__HOW TO COMPLETE THIS TASK__. Your answer must be the full listing, reproduced exactly, minus any pictures.

__SUPPLIED DATA__.
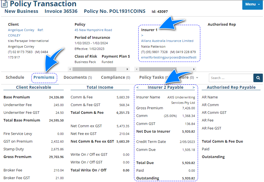 You'll notice there is a number after the word Insurer. This indicates that there is more than one Insurer on this policy; Insurer 1 is the Lead Insurer. You'll also notice a > or < symbol in both Insurer areas. These symbols allow you to change through the different Co-insurers attached to the policy. On the header, you can use the Insurer hyperlink to go to the respective Insurer profile. In the Premiums section, you can view each Co-insurer's premium breakdown.
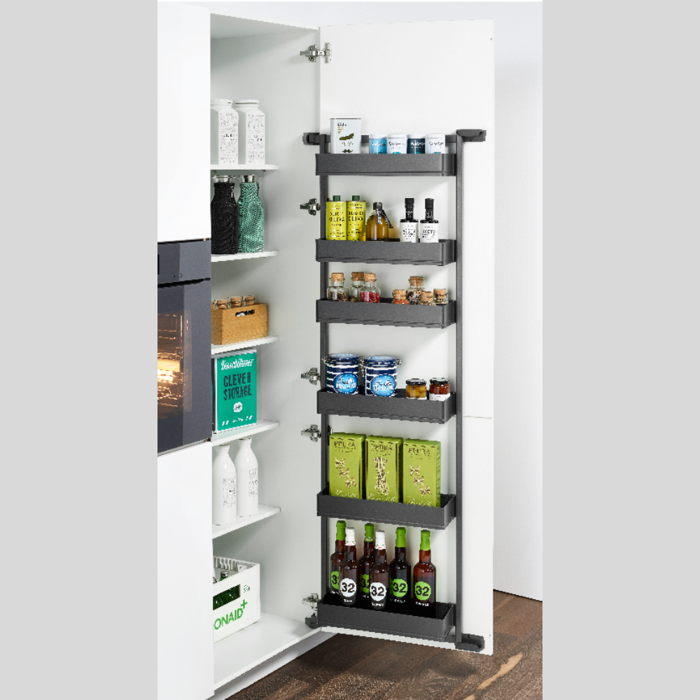 It is ideal for tall cabinets and larder units, especially where simple installation, flexibility, and clear organization are required.
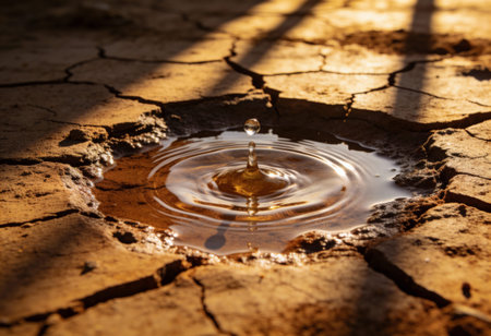 A single, precious drop of water falls onto the parched, cracked earth, creating a ripple in a tiny puddle.

__OUTPUT BELOW__.
 You'll notice there is a number after the word Insurer. This indicates that there is more than one Insurer on this policy; Insurer 1 is the Lead Insurer. You'll also notice a > or < symbol in both Insurer areas. These symbols allow you to change through the different Co-insurers attached to the policy. On the header, you can use the Insurer hyperlink to go to the respective Insurer profile. In the Premiums section, you can view each Co-insurer's premium breakdown.
 It is ideal for tall cabinets and larder units, especially where simple installation, flexibility, and clear organization are required.
 A single, precious drop of water falls onto the parched, cracked earth, creating a ripple in a tiny puddle.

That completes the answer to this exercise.